Music too has a similar effect. It is like my magic carpet that transports me to different worlds. Listening to slow, meditative music I am transported to the bank of a sacred river, surrounded by silent snow-capped mountains. I imagine myself flowing with the river, no resistance, no conflict, just going with the flow. Drumbeats, on the other hand, transport me to jungles where I dance with a tribal group and feel a primal, raw energy flow through. Imagination refuses to be chained and sitting solitarily on a chair, listening to music I visit places unknown and unheard of. Music has the capacity to make me forget everything – it is the notes and me, me and the notes – in silent symphony.

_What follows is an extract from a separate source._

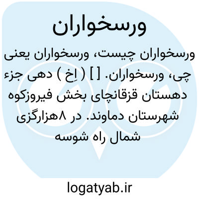 ورسخواران. [ ] ( اِخ ) دهی جزء دهستان قزقانچای بخش فیروزکوه شهرستان دماوند. در 8هزارگزی شمال راه شوسه فیروزکوه به تهران. سکنه 446 تن و آب آن از چشمه مهم تأمین می شود. محصول آنجا غلات، بنشن، میوجات و بیدستان است. شغل اهالی زراعت و سفیدگری و خیاطی و در زمستان به حدود گیلان میروند. مزرعه تخت علی و سرآسیاب سلیمان جزء این ده است. ایل الیکائی و اصانلو به حدود این ده می آیند. ( از فرهنگ جغرافیایی ایران ج 1 ).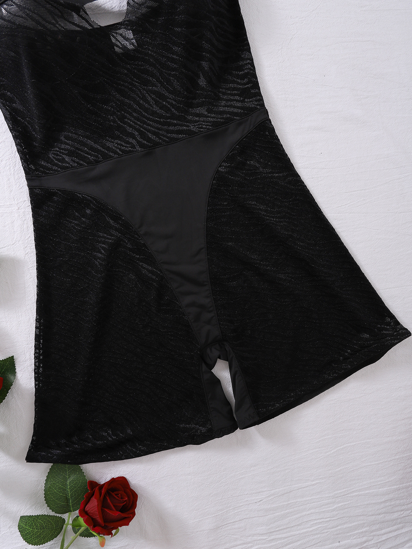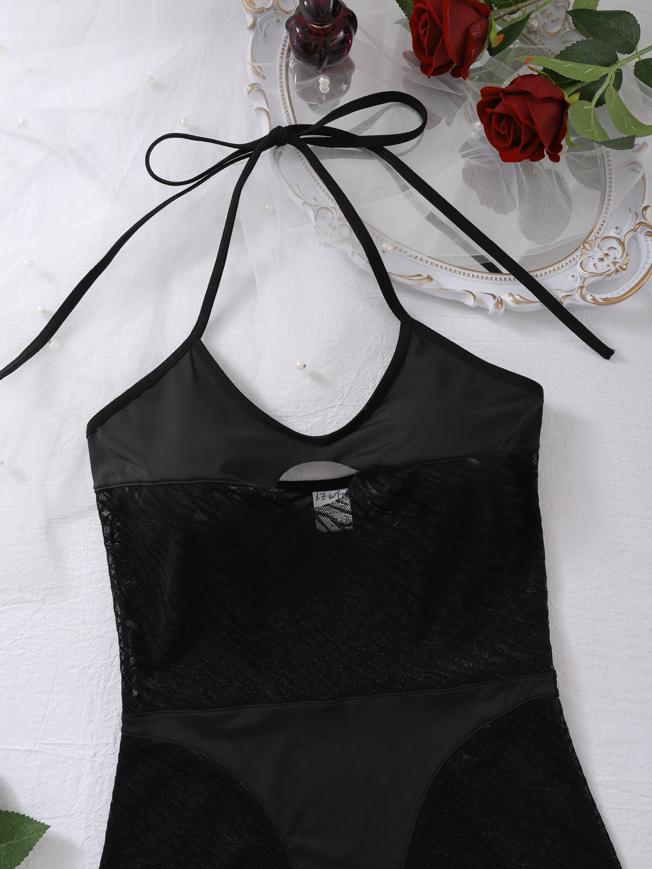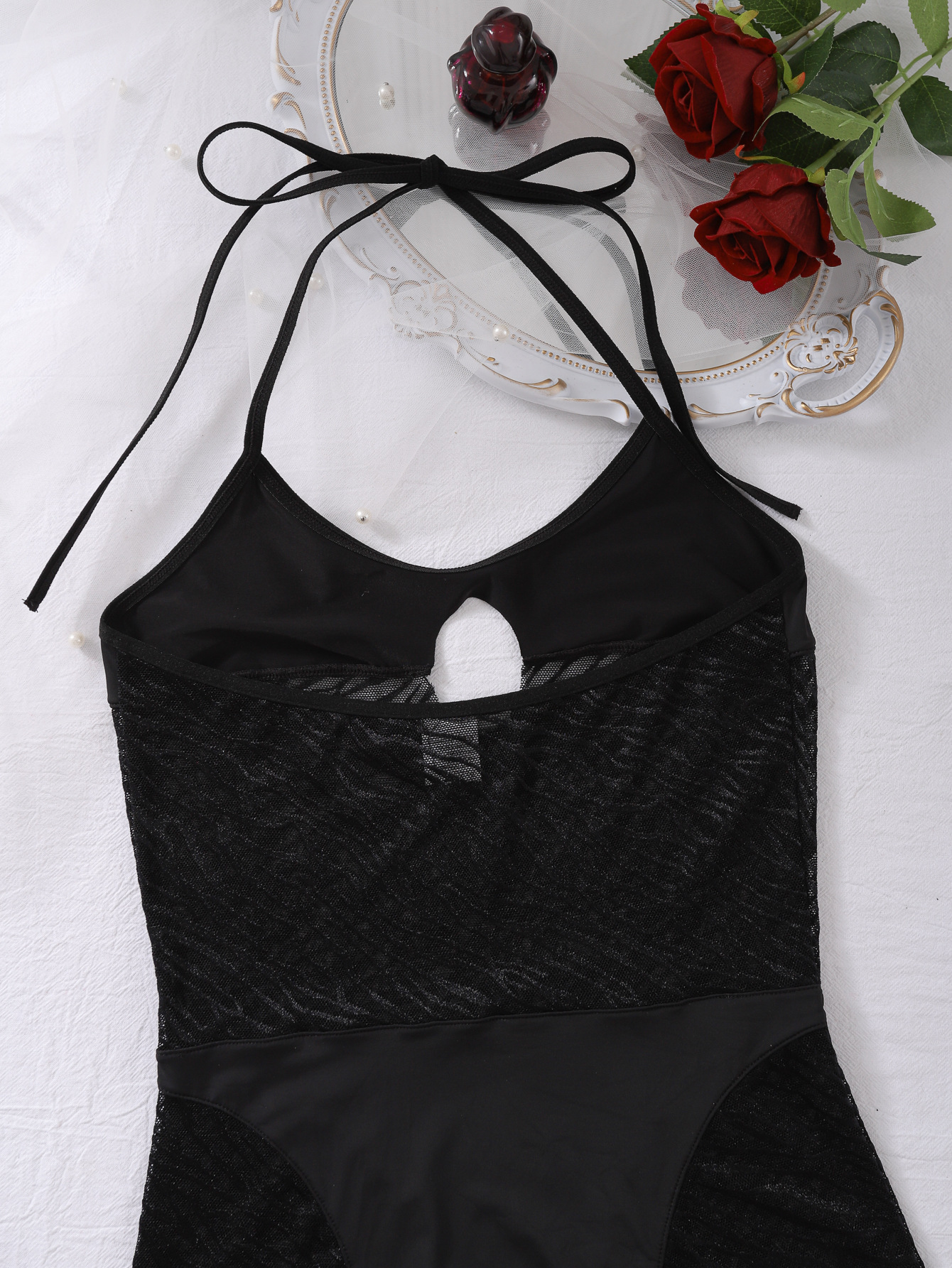 Summer Sexy Mesh Hollow Out Cutout Lace up Halterneck Underwear Casual Skinny Sheath Jumpsuit Women

‘Love your work, and you will never work again,’ this quote finds consonance with my life. As a child, I wrote to my family whenever I felt sad, whenever I felt happy, and also whenever I wanted a gift from them. As an adolescent, I wrote in my diaries of crushes and infatuations. And today I write books. Writing is a part of me – the way my right hand is a part of me. A paper, a pencil and thoughts just fly around, competing to be pinned down. When I am writing an article, someone could be staring at me for hours and I wouldn’t realise it. I lose all consciousness – all I am aware of is my thoughts and my words. Words and me, me and words – we need little else.
As I wonder what to name this article, I look around. And here I find my answer. I am sitting at a café having a coffee with me. Everyone else is sitting in little groups. Lovers in a corner, exchanging shy looks over the brim of the cup, some elderly people chatting about their aches and pains in the middle and youngsters guffawing around. Undoubtedly, it is a beautiful feeling to share life’s moments with someone close – but today I realise that it is as important to do a few activities in a day, which are just for me.
Flooding our lives with people and activities, we tend to distance away from the person who matters the most – our self. I now know that each day needs to be filled with at least one activity that I enjoy thoroughly, that I am doing only for me. It could be eating a strawberry ice cream, it could be playing with a dog, it could be singing in the bathroom, it could be scratching my ears – the activity hardly matters, what matters is that it’s bringing me a little closer to me, making me more intimate with me. So, do you owe yourself a coffee date too?